Impasse do aborto e como a sociedade vê a deficiência

A mesma crítica faz Katja de Bragança, diretora do Touchdown 21 e editora-chefe da revista Ohrenkuss. Quando os médicos comunicam à gestante que seu bebê muito provavelmente terá síndrome de Down, "o padrão de informação deixa muito a desejar", comenta.

"Às vezes vem o primeiro comunicado, e 70 segundos depois se deve marcar a consulta para o aborto. O comunicado deveria ocorrer com mais respeito e mais conhecimento. Se há mais informações, a decisão da mulher tem bases mais firmes."

A doutora Heike Makoschey-Weiss vivencia constantemente quão árdua é essa decisão, em seu trabalho como ginecologista e psicoterapeuta do Consultório de Medicina Pré-Natal e Genética de Meckenheim: "Não é fácil para ninguém requerer a interrupção de uma gravidez."

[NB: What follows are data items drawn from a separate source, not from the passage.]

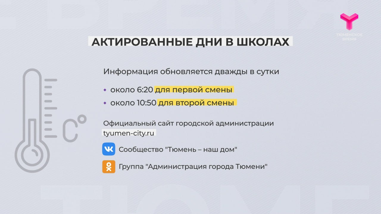 Информация об актировке появляется около 6 утра для первой смены и ближе к 11 часам для второй. Посмотреть её можно на официальном сайте городской администрации и на её официальных страничках в социальных сетях, а также в эфире телеканала "Тюменское время" и в наших аккаунтах в соцсетях.
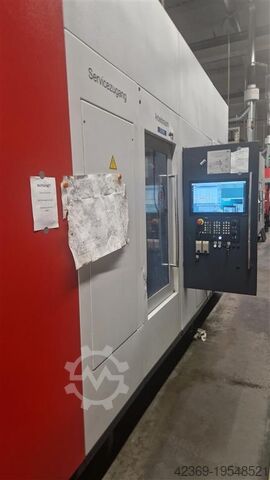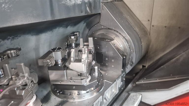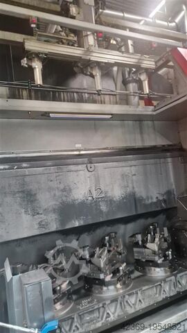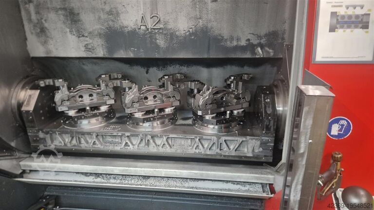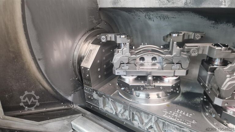 Высокоточный горизонтальный обрабатывающий центр с ЧПУ, одновременно по 5 осям, с тремя шпинделями и управляемым маятниковым двухпозиционным сменщиком заготовок; с каждой стороны по 3 поворотных Torque-drive стола.
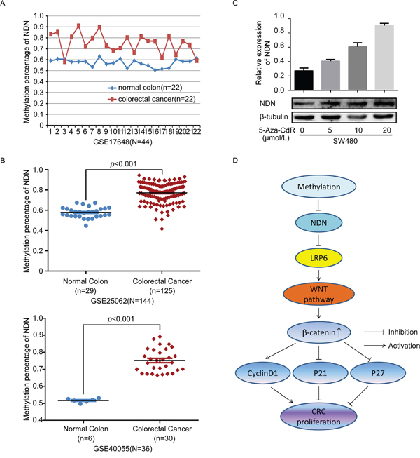 Figure 6: NDN is hypermethylated in CRC. (A and B) The results of GEO analysis of the methylation level in the promoter of NDN in CRC compared with that in the normal intestinal mucosa. (C) Treatment with a DNA demethylation agent 5-Aza-CdR increased NDN expression at different levels in the CRC cell line SW480. (D) Proposed model: promoter hypermethylation suppressed the NDN expression, however, NDN down-regulated LRP6 and attenuated the Wnt signaling pathway, and eventually suppressed the proliferation of CRC.

Esse aspecto é importante também para a política social-democrata alemã Hilde Mattheis: "Nenhuma mulher aborta levianamente", afirma. Ela é a favor que os seguros de saúde paguem pelo TPNI, "por confiar que as mulheres vão lidar com ele de modo refletido e responsável". Em contrapartida, Makoschey-Weiss ressalva que os médicos aplicam o teste com frequência excessiva e, sobretudo, sem reflexão.

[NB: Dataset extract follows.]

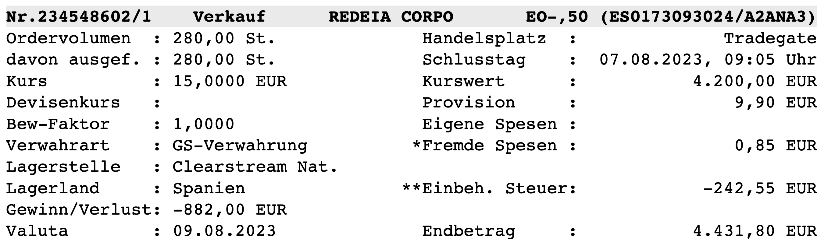 Red Eléctrica (HJ-Dividenden vom 9.1. und 23.7. 2023) von 300 auf 20 Stück 🇪🇸

Para Susanne, a mãe da adolescente Luise, o TPNI, em si, não é o problema: "Ele agora está no mundo e não vai desaparecer. É um instrumento. Mas a questão 'Como lido com o resultado?' está absolutamente associada a o que os pais percebem, como a deficiência é avaliada na sociedade."

Ela reivindica que haja boas ofertas de assistência para os genitores, assim como abertura e aceitação em relação às pessoas com deficiência. Só assim será de fato possível "oferecer aos pais um contexto onde possam decidir livremente – livres de medos e de imposições".